_What to do_: From the line containing "جميع أكواد خدمة" to the line containing "BANK OF CANADA." in the entries below, reproduce every line exactly, ends included. Nothing else belongs in the copy, and no pictures.

_Given data_:

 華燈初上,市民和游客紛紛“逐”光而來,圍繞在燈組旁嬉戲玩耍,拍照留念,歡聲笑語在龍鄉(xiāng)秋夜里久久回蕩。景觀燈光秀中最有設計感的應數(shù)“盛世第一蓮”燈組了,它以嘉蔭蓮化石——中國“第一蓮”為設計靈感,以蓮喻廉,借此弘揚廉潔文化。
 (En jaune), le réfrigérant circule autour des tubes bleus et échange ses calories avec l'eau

==

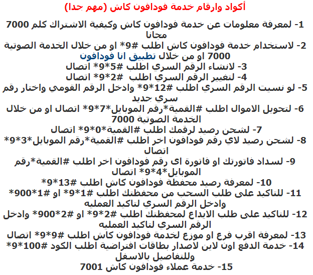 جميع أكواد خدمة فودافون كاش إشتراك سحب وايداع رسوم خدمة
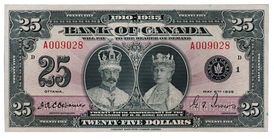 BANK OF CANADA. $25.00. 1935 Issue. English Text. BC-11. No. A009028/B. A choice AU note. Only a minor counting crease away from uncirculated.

_Finished exercise_:
 جميع أكواد خدمة فودافون كاش إشتراك سحب وايداع رسوم خدمة
 BANK OF CANADA. $25.00. 1935 Issue. English Text. BC-11. No. A009028/B. A choice AU note. Only a minor counting crease away from uncirculated.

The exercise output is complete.